Их, конечно, можно было понять. На стороне союзников сражались обитатели тринадцати планет; четыре расы были гуманоидными, а еще три очень походили на людей. Сообщество, в свою очередь, являлось случайным и не особенно прочным конгломератом, насчитывающим как минимум двадцать видов, три из которых также походили на обитателей Земли. Вся эта странная крокодилообразная публика просто не могла разобраться, кто перед ней – Друг или враг. Поэтому они ожидали указаний высшего начальства.

Но его держали под охраной и были настороже. Лайминг ясно представлял, что происходит, пока он тут просиживает штаны. Дежурный офицер снял телефонную трубку – или как это у них тут называется – и позвонил в ближайший гарнизон сообщить о происшествии. Местный командир быстренько отфутболил его в военный штаб. Про рапорт Клавиза там уже и думать забыли, и какая-нибудь десятизвездная шишка, скорей всего, отпасует запрос на главную радиостанцию. Оператор отправит депешу трем союзникам-гуманоидам: не затерялся ли в этом районе след их разведчика?

И только когда придет отрицательный ответ, туземцы смекнут, что в их космическую империю залетела редкая пташка. Вряд ли им это придется по вкусу. Тыловым войскам, окопавшимся далеко от линии фронта, обычно достаются все трофеи и никаких забот. Они мечтают только об одном – чтобы и дальше все шло так же тихо и мирно. Внезапное вторжение врага там, где его никто не ждет, нарушит привычный уклад их жизни и, безусловно, вызовет раздражение. Так что на воинские почести ему рассчитывать не приходится. К тому же они вполне могут подумать: сегодня пробрался один разведчик – завтра жди целую армию, кому же охота получить удар с тыла?

Клавиз примчится во весь опор, как только до него дойдет новость. Он напомнит, что Лайминга ловят уже не в первый раз. Ну и что, в конце концов, с ним сделают? Лайминг терялся в догадках. Раньше у них просто не было времени как следует развернуться – слишком быстро он удрал. Но теперь… Вряд ли его сразу расстреляют. Если они достаточно цивилизованная публика, то сперва устроят перекрестный допрос, а потом засадят его в каталажку. А если нецивилизованная – тогда откопают Клавиза или кого-нибудь из своих союзников, знающих язык Земли, и, не гнушаясь никакими жестокостями, вытянут из пленника все нужные сведения.
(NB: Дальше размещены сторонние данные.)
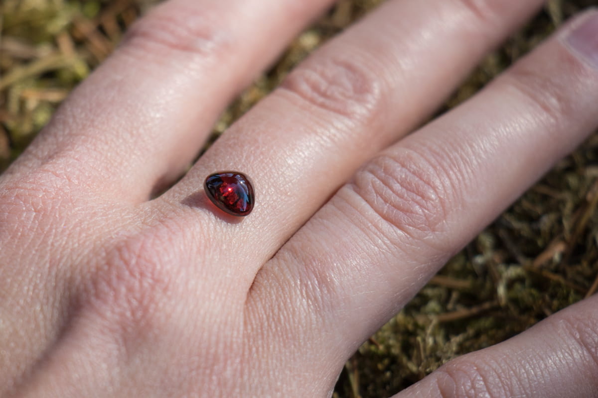 Kamienie: granat 6x6 mm w kształcie trójkąta o zaokrąglonych wierzchołkach w głębokiej barwie ciemnej czerwieni

В благословенные времена, когда конфликты ограничивались территорией одной-единственной планеты, существовало прекрасное защитное средство для военнопленных, так называемая Женевская Конвенция. Она предусматривала организацию нейтральной инспекции лагерей для военнопленных, доставку им писем из дома и продуктовых посылок. Но это в далеком прошлом. Теперь нет ничего подобного. У пленника всего два способа защиты: собственные силы плюс слабое утешение, что соотечественники могут отыграться на захваченном в плен неприятеле. Правда отыграться они смогут в том случае, если узнают, что с кем-то из своих в плену жестоко обращаются. А кто им сообщит? Так что это скорее мечта, чем реальность.
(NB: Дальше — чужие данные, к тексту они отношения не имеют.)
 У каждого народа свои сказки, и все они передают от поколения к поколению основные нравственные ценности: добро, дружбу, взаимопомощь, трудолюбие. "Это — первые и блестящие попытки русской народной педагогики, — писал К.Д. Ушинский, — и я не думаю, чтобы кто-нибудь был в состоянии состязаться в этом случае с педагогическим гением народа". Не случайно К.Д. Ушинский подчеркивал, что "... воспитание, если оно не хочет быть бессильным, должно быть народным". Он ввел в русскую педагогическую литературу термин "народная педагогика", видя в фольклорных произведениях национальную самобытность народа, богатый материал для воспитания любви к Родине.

Время застыло. Дважды сменялся караул, еще раз принесли поесть. Лайминг увидел, что за окном темнеет. Украдкой поглядывая в сторону единственного окна и прикидывая шансы на побег, он отказался даже от попытки выскакивать из окна под прицелом двух ружей – чистое самоубийство.

Маленькое оконце находилось так высоко, что в спешке через него не очень-то протиснешься. Ах, если бы с ним был пистолет-вонючка!
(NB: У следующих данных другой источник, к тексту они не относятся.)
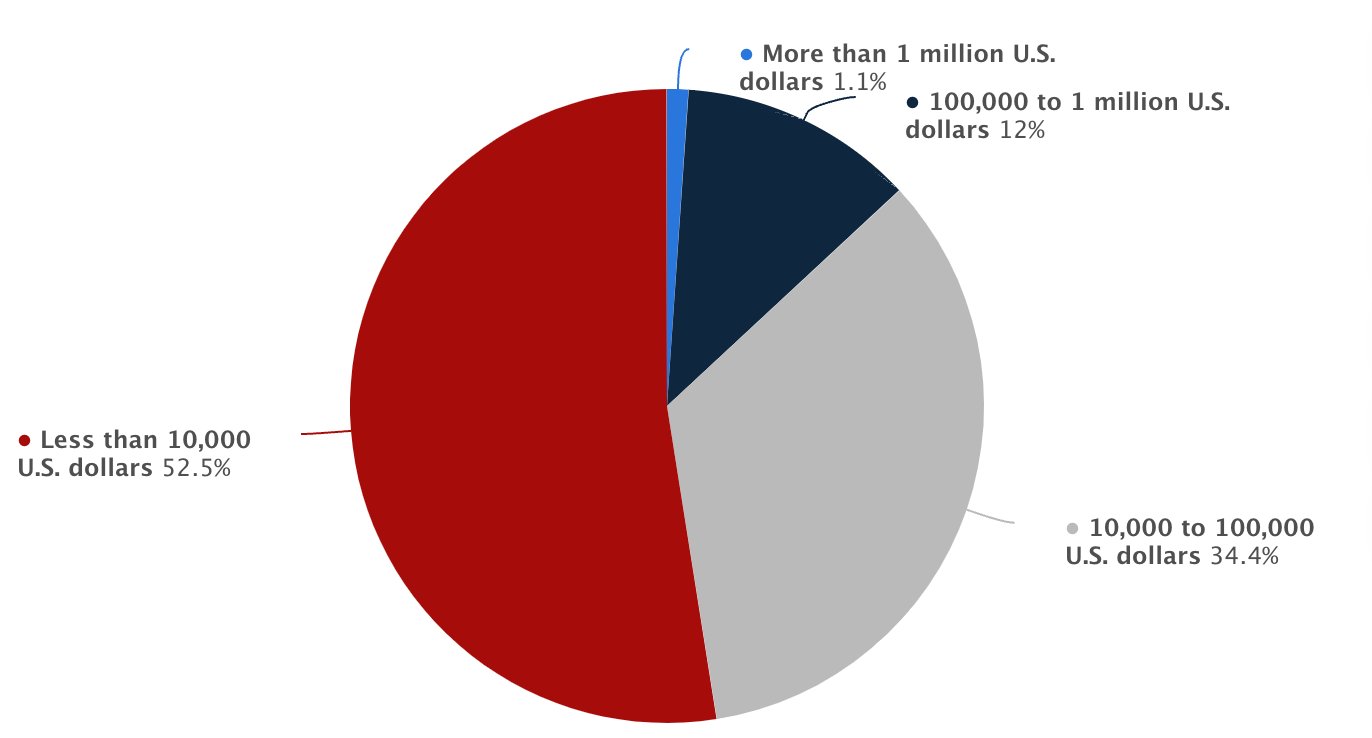 Buna karşılık Dünya nüfusunun %52.5'inin 10.000 dolardan az parası var.

Лайминг был твердо убежден, что первейший долг пленного – смыться. Для этого придется с нечеловеческим терпением выжидать подходящий момент и, как только подвернется удобный случай, использовать его на всю катушку. Один раз это ему почти удалось, так почему бы вторично не попытать счастья? А если пути на свободу нет, нужно его изобрести.

Обстоятельства складываются не лучшим образом и, похоже, со временем будут только ухудшаться. Знай он туземный или любой другой язык сообщества, он бы даже полиглота Клавиза заставил поверить, что черное – это белое.

Конечно, беззастенчивая наглость имеет свои преимущества.

Как знать, может быть, приземлившись, он сумел бы сладкими речами и безграничной самоуверенностью, приправленными дозой нахальства, заставить туземцев отремонтировать ему дюзы и даже пожелать счастливого пути, так что они даже и не заподозрили бы, что оказали услугу врагу.

Сладкая мечта, но совершенно бесплодная… Он не умел говорить ни на одном языке Сообщества, что сразу же подрубало ее под корень. Даже младенца не уговоришь расстаться с погремушкой, если вместо слов будешь издавать нечленораздельное мычание. Но должен же быть какой-то шанс!

Уж он ухватился бы за него сразу и обеими руками! Если, конечно, противник настолько глуп, чтобы такой шанс предоставить.

Оценивая стражников – так же, как когда-то взвешивал способности офицера, своих первых конвоиров и Клавиза, – Лайминг решил, что они навряд ли принадлежат к интеллектуальной элите Сообщества. Зато у них медвежья хватка и крокодилья злоба – как раз то, что надо, чтобы засадить человека в кутузку и гноить там до скончания веков.

Ничего не скажешь – повезло. Попал на планету прирожденных тюремщиков.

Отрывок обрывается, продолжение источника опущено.